What you are asked to do: Leaving the pictures aside, transcribe every line below exactly.

Data segment:
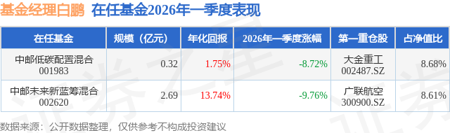 证券之星消息,日前中邮低碳配置混合基金公布一季报,2026年一季度最新规模0.32亿元,季度净值涨幅为-8.72%。
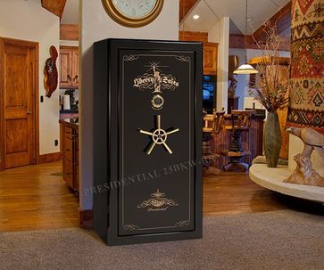Зеркальный чёрный, при изготовлении покрытий для этих сейфов используется специальный декоративный автомобильный металлик, такие же покрытия используются при производстве американских автомобилей премиум класса; универсальный сейф, может использоваться как в качестве оружейного сейфа, так и в качестве личного сейфа; производство Liberty Safe and Security Products, Inc (США, штат Юта). Сейфы Liberty сертифицированы на взломостойкость и огнестойкость в США; полностью удовлетворяют требованиям МВД. Сейфы изготавливаются непосредственно в США; Штурвал сейфа имеет покрытие золотом 24 карата.
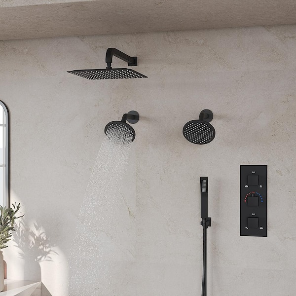 Questions and Answers for GRANDJOY ZenithRain Shower System 8-Spray 12&6&6 in. Dual Wall Mount Fixed and Handheld Shower Head 2.5GPM in Matte Black

Written answer:
 证券之星消息,日前中邮低碳配置混合基金公布一季报,2026年一季度最新规模0.32亿元,季度净值涨幅为-8.72%。
Зеркальный чёрный, при изготовлении покрытий для этих сейфов используется специальный декоративный автомобильный металлик, такие же покрытия используются при производстве американских автомобилей премиум класса; универсальный сейф, может использоваться как в качестве оружейного сейфа, так и в качестве личного сейфа; производство Liberty Safe and Security Products, Inc (США, штат Юта). Сейфы Liberty сертифицированы на взломостойкость и огнестойкость в США; полностью удовлетворяют требованиям МВД. Сейфы изготавливаются непосредственно в США; Штурвал сейфа имеет покрытие золотом 24 карата.
 Questions and Answers for GRANDJOY ZenithRain Shower System 8-Spray 12&6&6 in. Dual Wall Mount Fixed and Handheld Shower Head 2.5GPM in Matte Black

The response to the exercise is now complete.